Grupo Bimbo was established in Mexico in 1945 by Lorenzo Servitje, Jaime A. Sendra, Jose T. Mata and Jaime Jorba. Today it is one of the most important baking companies in brand and trademark positioning, sales, and production volume around the world.
The bakery sale, expected to close early next year, means Bimbo gets the rights to the iconic Sara Lee name for fresh baked goods in the U.S., although Sara Lee keeps it for its other products, such as frozen desserts and deli meats.
Grupo Bimbo also is the marketer of Thomas’ English Muffins and Entenmann’s cakes.
The sale of the bakery business “was likely difficult for the company to swallow — giving up its namesake brand to another company,” analyst group Stifel Nicolaus wrote in a note to investors. But “this divestiture will be a good one for Sara Lee in the long run.”

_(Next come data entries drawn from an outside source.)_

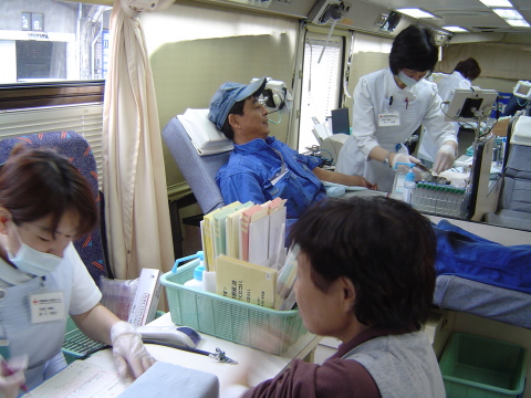 今回はロータスクラブのメンバーも参加。63人が応じ、50人から献血が得られ、合計1万9600mlを確保し前回を上回った。 「自動車業界に携わる者として、交通事故で苦しむ人の役に立ち たい」と(有)中野自動車中野良雄会長の父武重氏が昭和45年に開始。厚生労働大臣表彰を受賞し、今年で39年目・80回目の開催。 近くを通りがかった男性は、「800mlでよろしく」と勢いよく参加。毎回参加している女性は、「何か社会貢献になればと思い、16歳の時から始めました。すでに70から80回献血し、赤十字から金賞をもらったんです」とほほ笑んだ。 参加者には、お菓子の詰め合わせをプレゼントした。この献血は年に二回、4月と11月に行われている。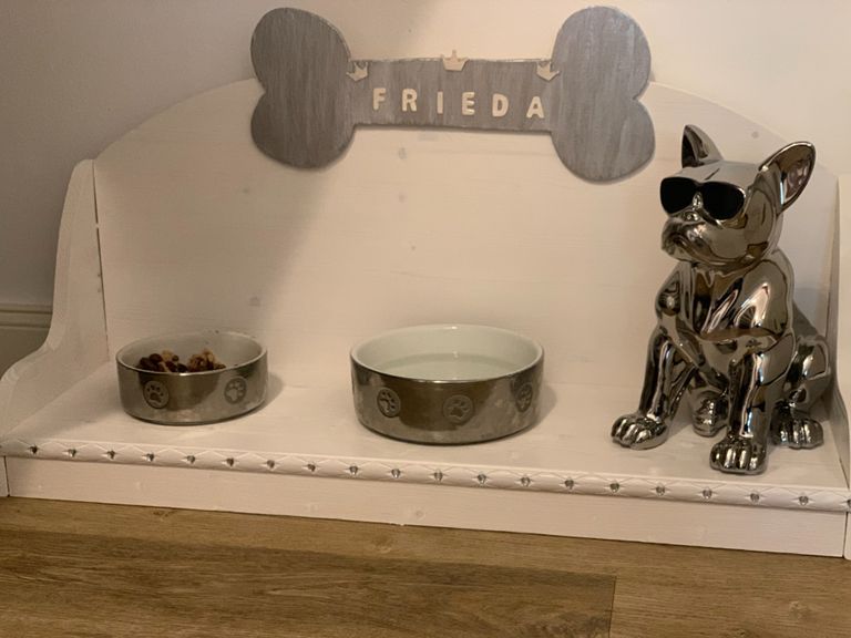 Handgefertigt mit weißer Farbe ( für Tiere geeignet) gestrichen und mit Glitzersteinen an der abgerundeten Front versehen.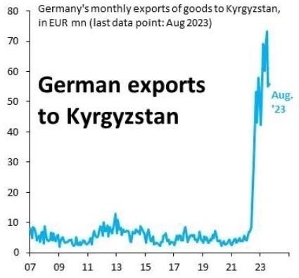 Экспорт Германии в Кыргызстан в этом году вырос в 14 раз. Естественно, что это параллельный импорт для РФ. Европейские санкции просто делают товары из Европы существенно дороже для россиян.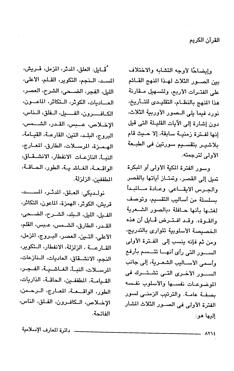 وإيضاحًا لأوجه التشابه والاختلاف بين الصور الثلاث لهذا المنهج القائم على الفترات الأربع، ولتسهيل مقارنة هذا المنهج بالنظام، التقليدى للتأريخ، نورد فيما يلى الصور الأوربية الثلاث، دون إشارة إلى الآيات القليلة التى قيل إنها لفترة زمنية سابقة، إلا حيث قام بلاشير بتقسيم سورتين فى الطبعة الأولى لترجمته.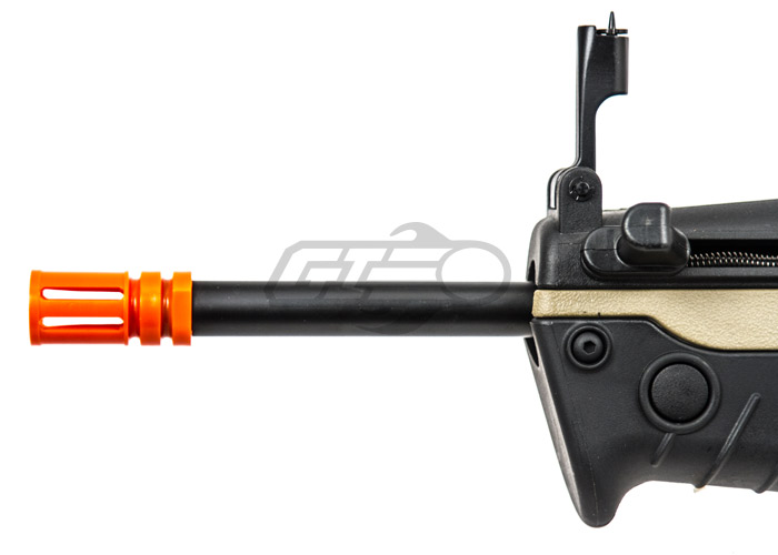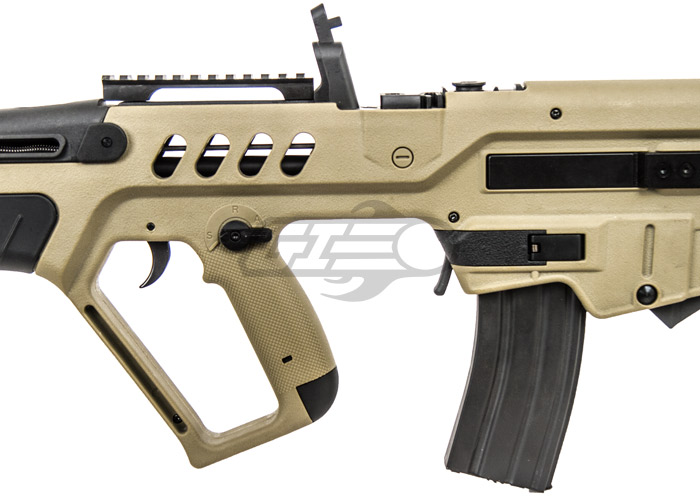 The Elite Force IWI (Israeli Weapon Industries) Tavor Tar 21 is one of the most innovative guns in the small arms industry; this airsoft gun is based on the rifle the IDF chose to replace the M16. Externally, the Elite Force TAR-21 outer body is constructed from a high strength nylon polymer, which keeps both the gun's overall weight down, as well as taking advantage of a bullpup design, which reduces the overall length of the rifle, because of this, the rifle can use a rifle length inner barrel and maintain a shorter profile. These factors, along with the good hop up and muzzle velocity being around 380FPS make for a great field gun. The gearbox is version 6 layout, and is constructed entirely out of metal, a long with all of the vital parts on the inside, with the polymer internal parts being most of the compression parts, this gives the gearbox good longevity and easily replaceable parts when necessary. Unique to the rifle is the functioning bolt catch that also de-tensions the spring which keeps the spring from losing strength, and reduces stress on the gearbox, as well as an electronic blowback when firing.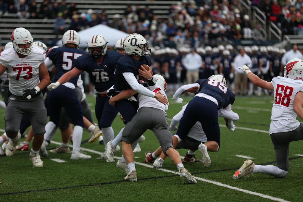 Long Lake, MN – Westonka’s football season came to an end on Saturday afternoon, falling to archrival Orono, 50-6, in a Section 6AAAA Semifinal match-up at Pesonen Stadium in front of a sparse crowd due to the cold and windy conditions.

The ad agency for Sara Lee bakery brands is Omnicom Group’s TBWA/Chiat/Day, Los Angeles, which also handles Sara Lee brands such as Jimmy Dean, Ballpark and Hillshire Farm. Sara Lee’s measured media spending on its bread and bakery products was $4.1 million in the first six months of the year, which is less than 20% of what it spent on all brands, according to Kantar Media.
Grupo Bimbo uses independent O’Leary and Partners, located in Newport Beach, Calif., as its agency for bread brands.
Bimbo spent $8.8 million marketing its brands in the U.S. in the first half of the year, including $4.8 million on its Arnold brand.
“At this point the relationships with the agencies remain unchanged,” said Sara Lee spokeswoman Alissa Bolton. David Margulies, a spokesman for Grupo Bimbo’s U.S. division, Bimbo Bakeries USA, said that “until the acquisition is approved, there are not going to be any changes other than would happen in the normal course of business.”
For Bimbo, the acquisition will grow its U.S presence from 34 bakeries and more than 7,000 sales routes to 75 bakeries and 13,000 routes, the company said.
The company pledged to invest more than $1 billion in the next five years to create an “efficient manufacturing and service platform.”